REQUIREMENT:
Only the lines from the one bearing "微信打开地址->邀请2个新用" through the end of the entries should be output, exactly as they stand, and pictures should be skipped.

PROVIDED RECORDS:

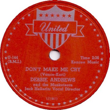 Above Left: Label image of United U-144 recorded on January 15, 1953 and released in March of that year. This was the first of two releases by Debbie Andrews on Chicago's United label, both in 1953. She had one prior record on Mercury, recorded in 1949, but not released until 1952. Of her three releases, United U-144 is the only one with vocal group backing. NOTE: The correct spelling for the "Vocal Director" shown on the label is "Jack Halloran."Co-writer for the above shown side, Sax Kari, also composed "Please Wait For Me" for Debbie's second release on the United label. Kari was a band leader who, in addition to composing duties, had some releases on United, mostly with vocals by Gloria Irving. BMI credits Kari with 509 compositions, but does not show that "Vance" was involved with "Don't Make Me Cry." (Could this have been Tony Vance, the a.&r. man mentioned below?) "Parker-Vance" are shown as composers on the flip side.
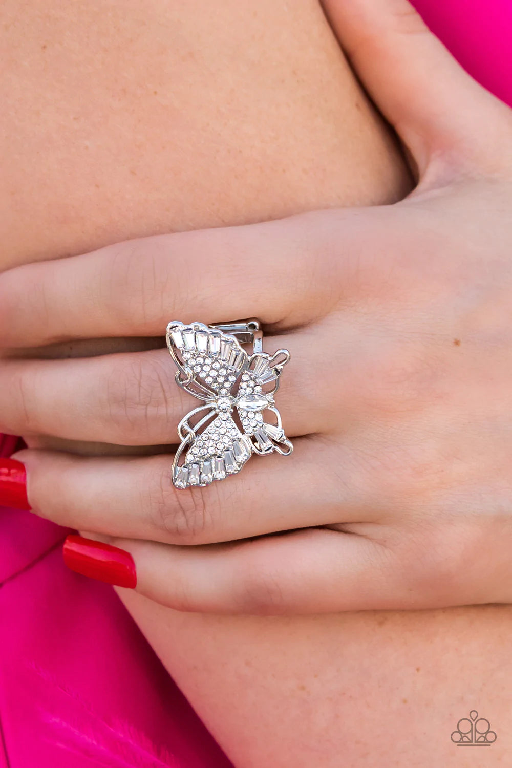 Sparkling with round, teardrop, and emerald cut white rhinestones, a silver butterfly fearlessly flutters atop the finger for a statement-making finish. Features a stretchy band for a flexible fit.
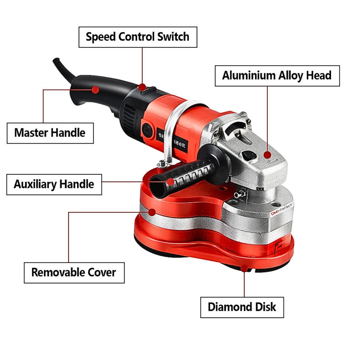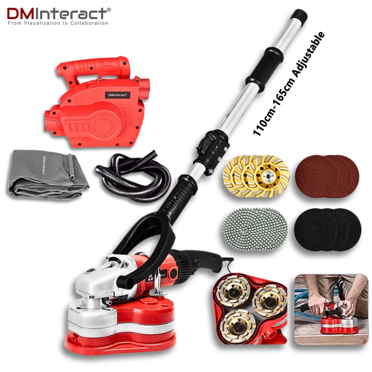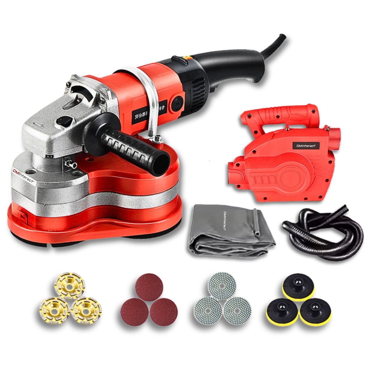 Canada Office: 801 Dundas Street East, Unit #D6, Mississauga, Ontario, L4Y 4G9 Phone: +1 (416) 451-1868 | +1 (416) 302-3017DMInteract DM-FGP310 5400RPM Semi-Automatic Concrete Polishing & Grinding Machine with 4 Types Discs & Dust Vacuum Cleaner
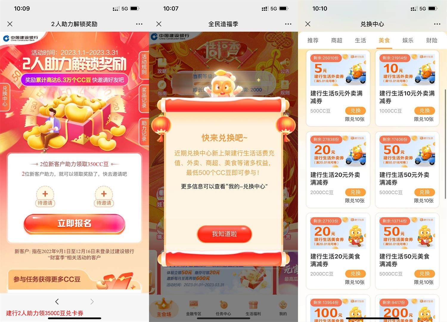 微信打开地址->邀请2个新用户助力得350CC豆(2022年9月1日~12月16日未登陆活动用户),累计500CC豆即可兑换建行生活外卖券、京东E卡、话费等
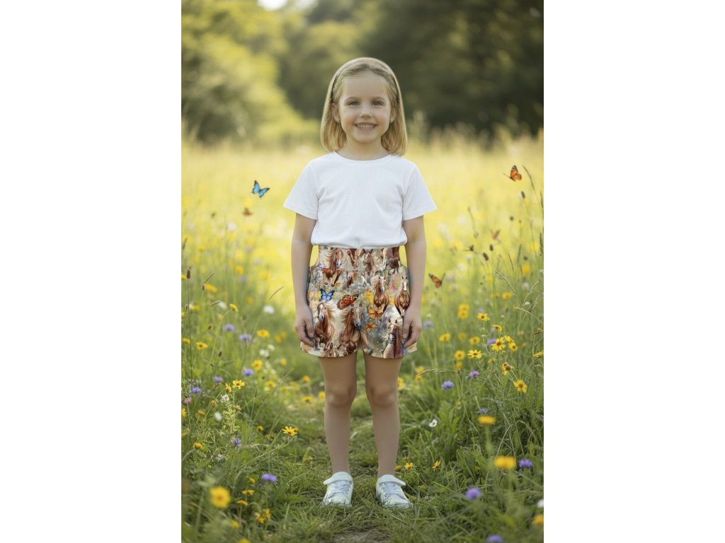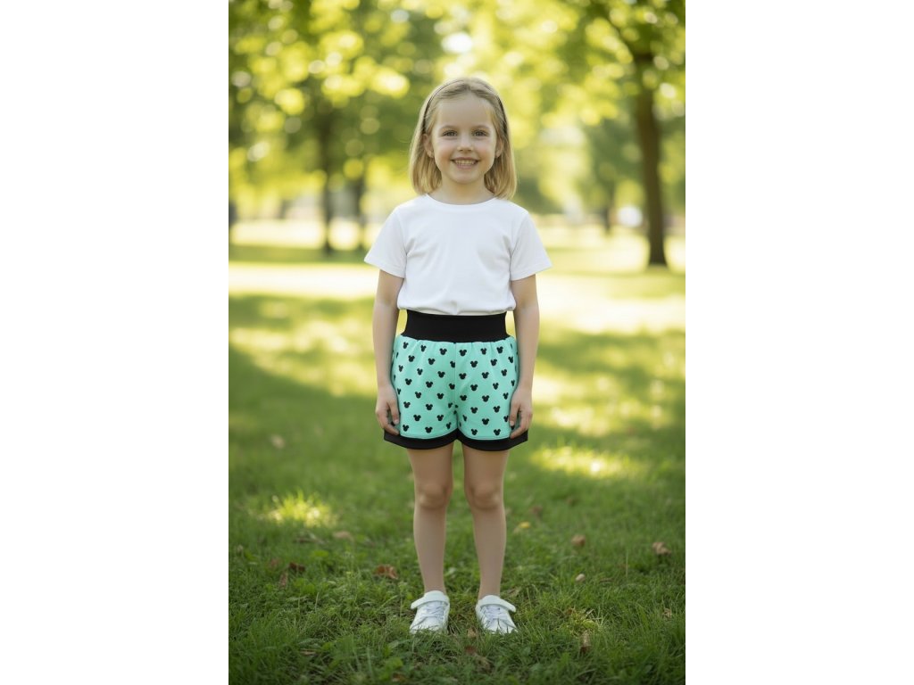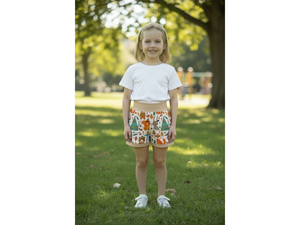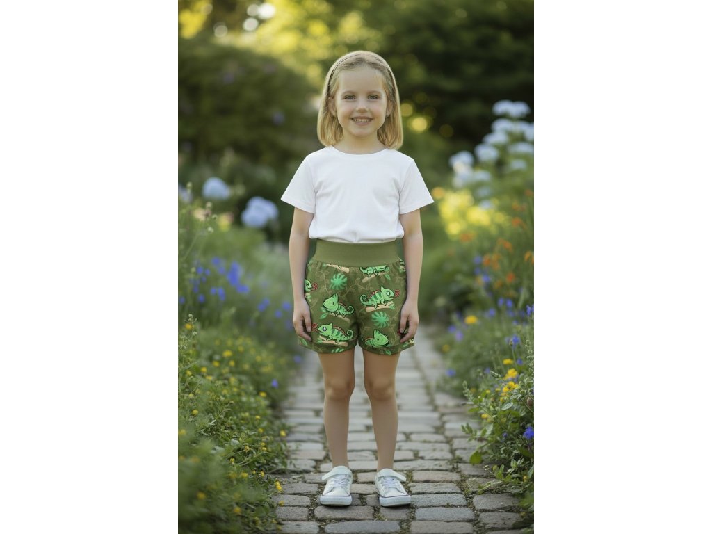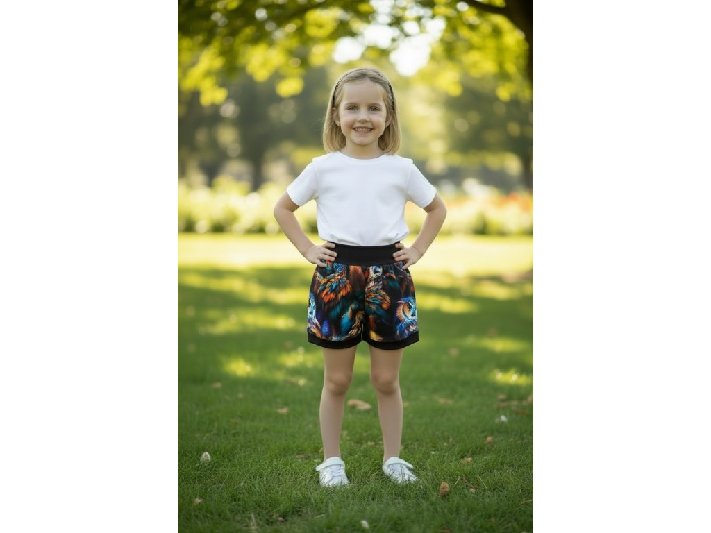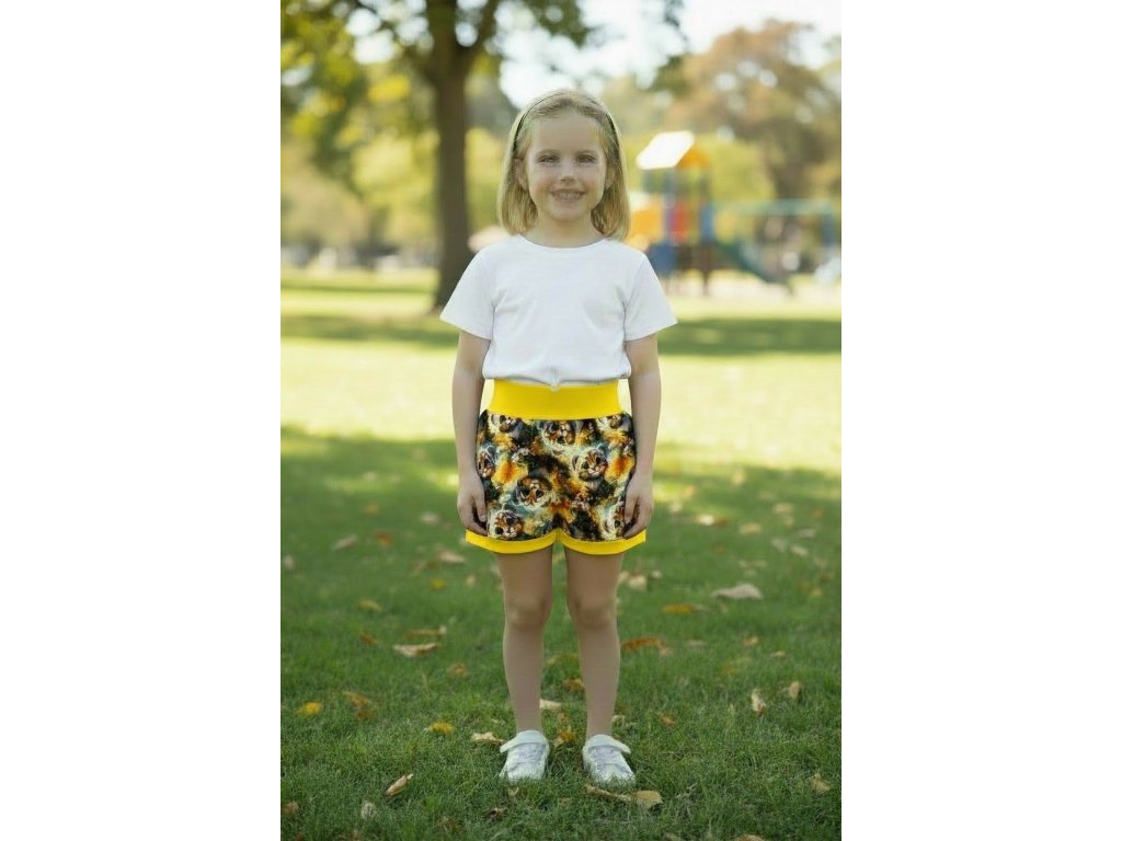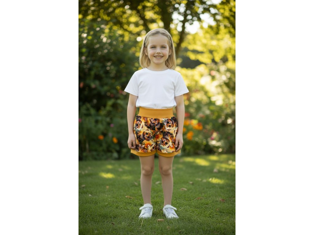 Šortky jsou ušité z potištěného úpletu. V pase do vyššího pružného nápletu s otvorem pro případné navlečení gumy. Výběr ze dvou střihů, balónový a klasický rovný. Vhodné pro kluky i holky, v různých velikostech a motivech.

RESPONSE TO THIS TASK:
 微信打开地址->邀请2个新用户助力得350CC豆(2022年9月1日~12月16日未登陆活动用户),累计500CC豆即可兑换建行生活外卖券、京东E卡、话费等
 Šortky jsou ušité z potištěného úpletu. V pase do vyššího pružného nápletu s otvorem pro případné navlečení gumy. Výběr ze dvou střihů, balónový a klasický rovný. Vhodné pro kluky i holky, v různých velikostech a motivech.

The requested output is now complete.